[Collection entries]
"""

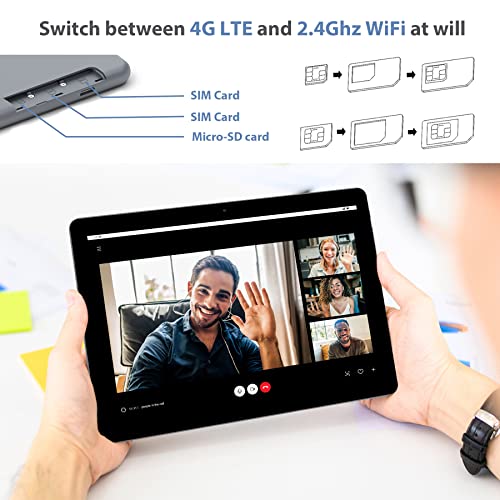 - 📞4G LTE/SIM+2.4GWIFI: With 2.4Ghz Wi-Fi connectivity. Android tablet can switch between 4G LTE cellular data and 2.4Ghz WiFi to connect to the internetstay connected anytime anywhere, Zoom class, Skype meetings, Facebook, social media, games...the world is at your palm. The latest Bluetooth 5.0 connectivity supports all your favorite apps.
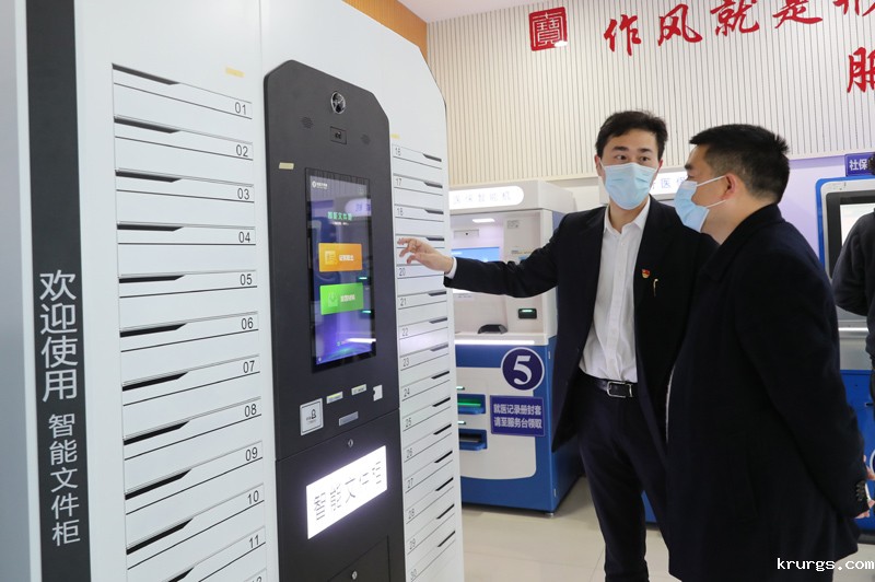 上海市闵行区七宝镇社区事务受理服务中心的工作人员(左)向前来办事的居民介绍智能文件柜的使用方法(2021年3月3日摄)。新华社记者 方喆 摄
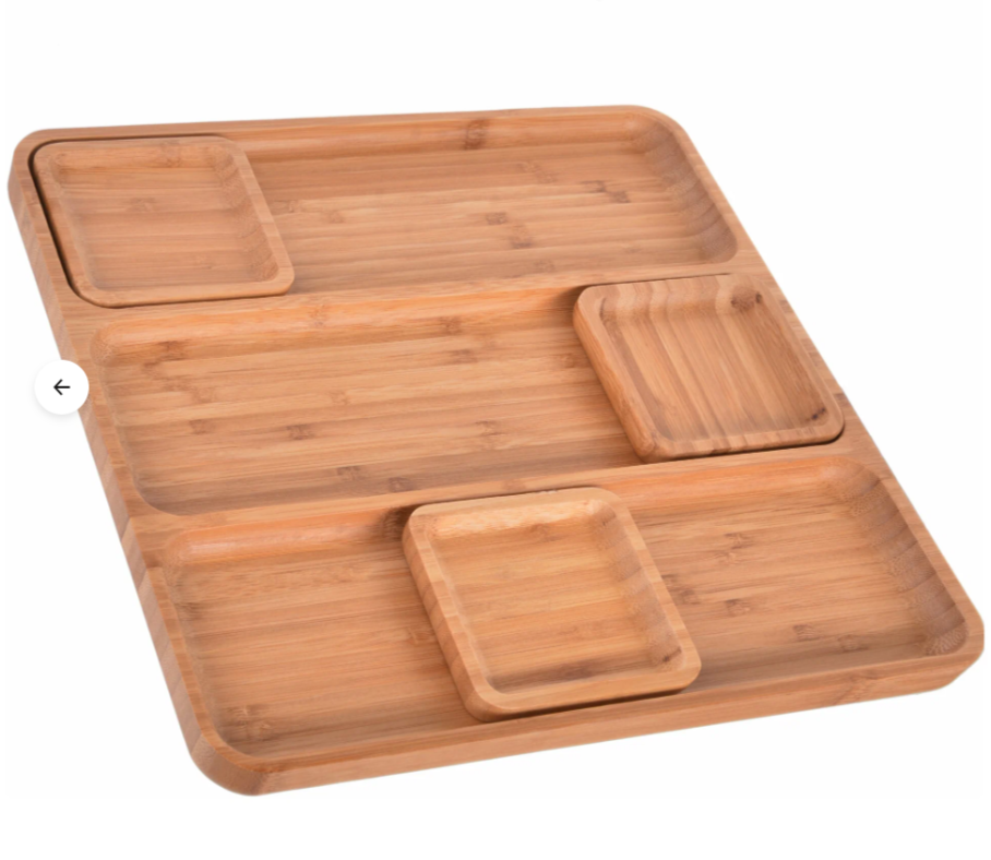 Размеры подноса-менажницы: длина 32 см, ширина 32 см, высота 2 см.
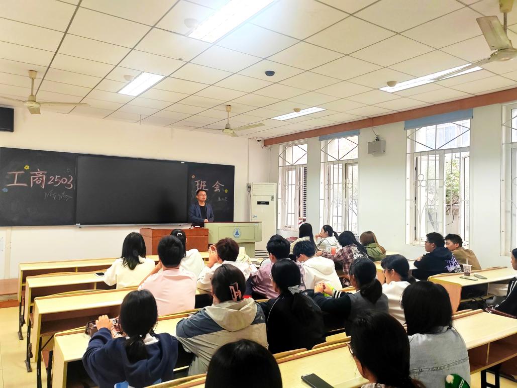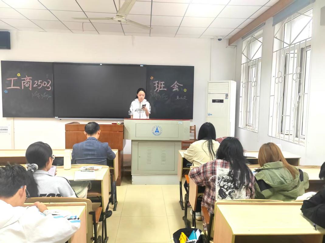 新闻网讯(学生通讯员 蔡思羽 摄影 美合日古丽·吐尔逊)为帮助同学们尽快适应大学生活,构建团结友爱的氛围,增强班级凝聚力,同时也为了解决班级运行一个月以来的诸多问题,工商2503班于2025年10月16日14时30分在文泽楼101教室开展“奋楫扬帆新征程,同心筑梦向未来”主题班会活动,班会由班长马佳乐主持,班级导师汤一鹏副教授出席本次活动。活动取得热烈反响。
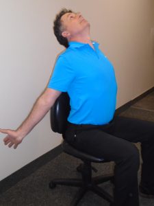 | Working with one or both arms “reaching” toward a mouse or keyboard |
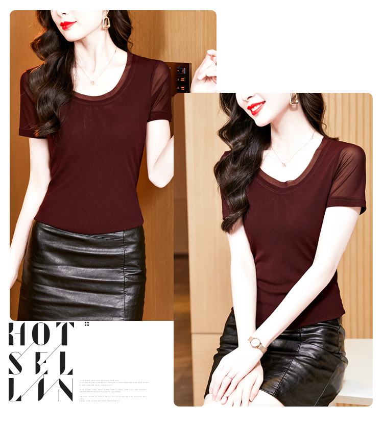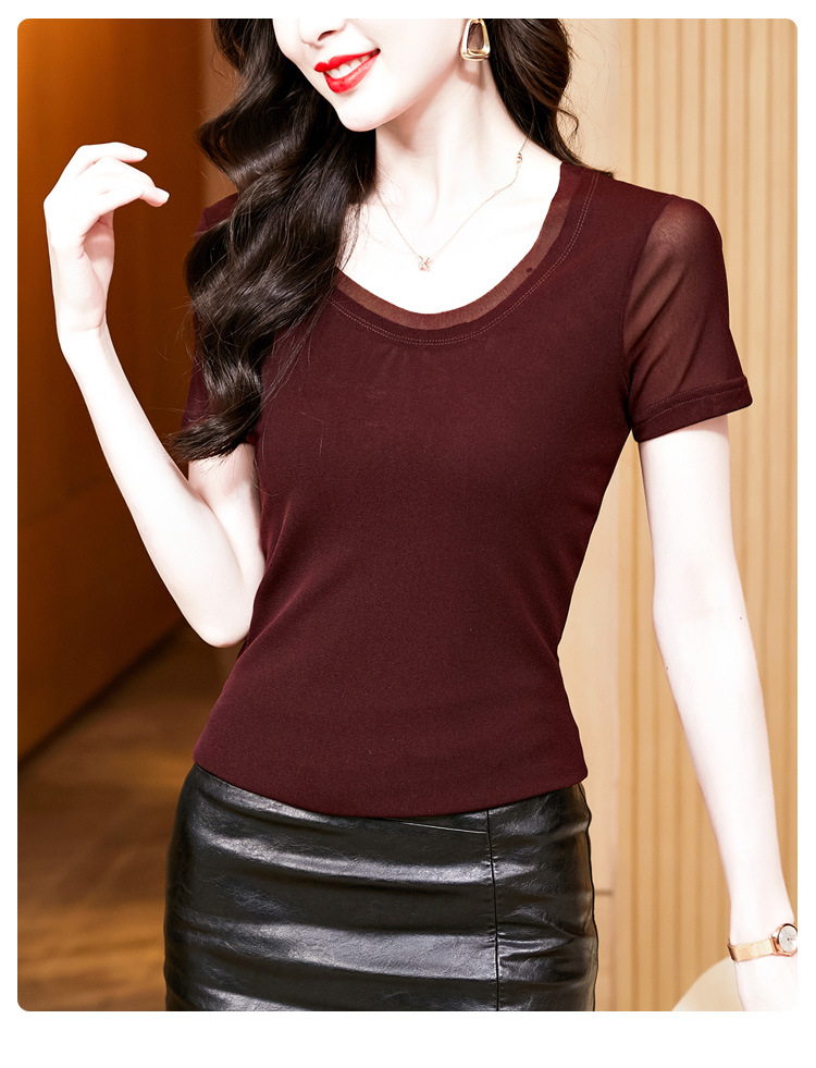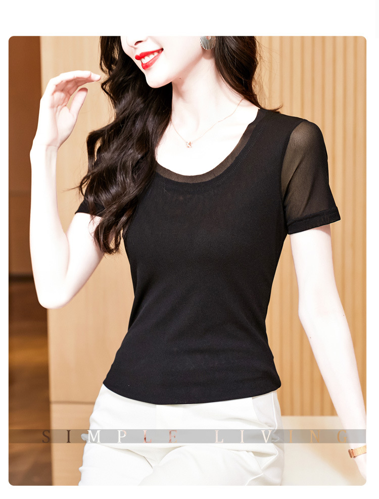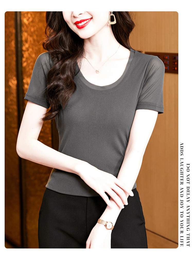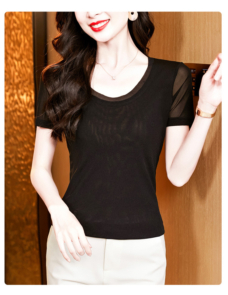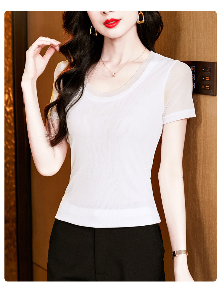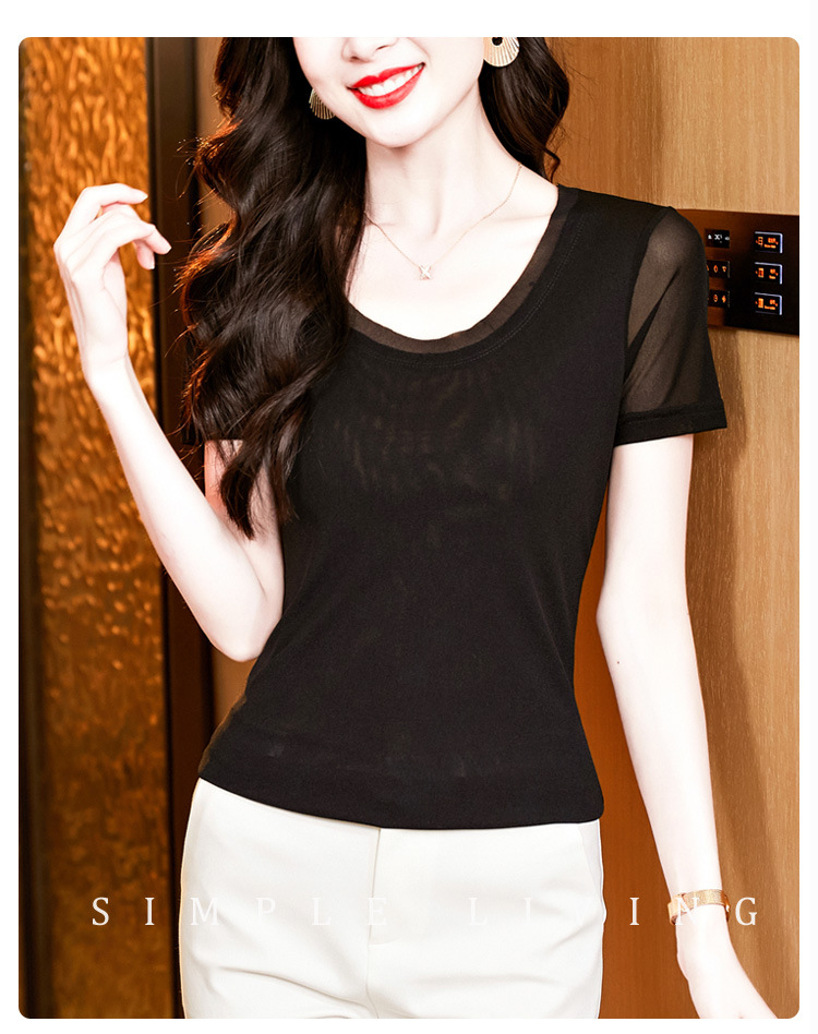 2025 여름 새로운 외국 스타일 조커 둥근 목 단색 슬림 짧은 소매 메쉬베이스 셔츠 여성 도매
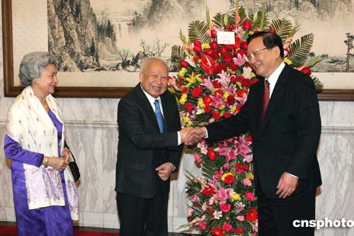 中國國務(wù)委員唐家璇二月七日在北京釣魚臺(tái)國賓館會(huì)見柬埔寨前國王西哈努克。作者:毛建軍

"""

**Aim of the task**
Give back, word for word, the lines from the one with "or keyboard |" to the end of the records above, and no pictures.

**Solved exercise**
 | Working with one or both arms “reaching” toward a mouse or keyboard |
 2025 여름 새로운 외국 스타일 조커 둥근 목 단색 슬림 짧은 소매 메쉬베이스 셔츠 여성 도매
 中國國務(wù)委員唐家璇二月七日在北京釣魚臺(tái)國賓館會(huì)見柬埔寨前國王西哈努克。作者:毛建軍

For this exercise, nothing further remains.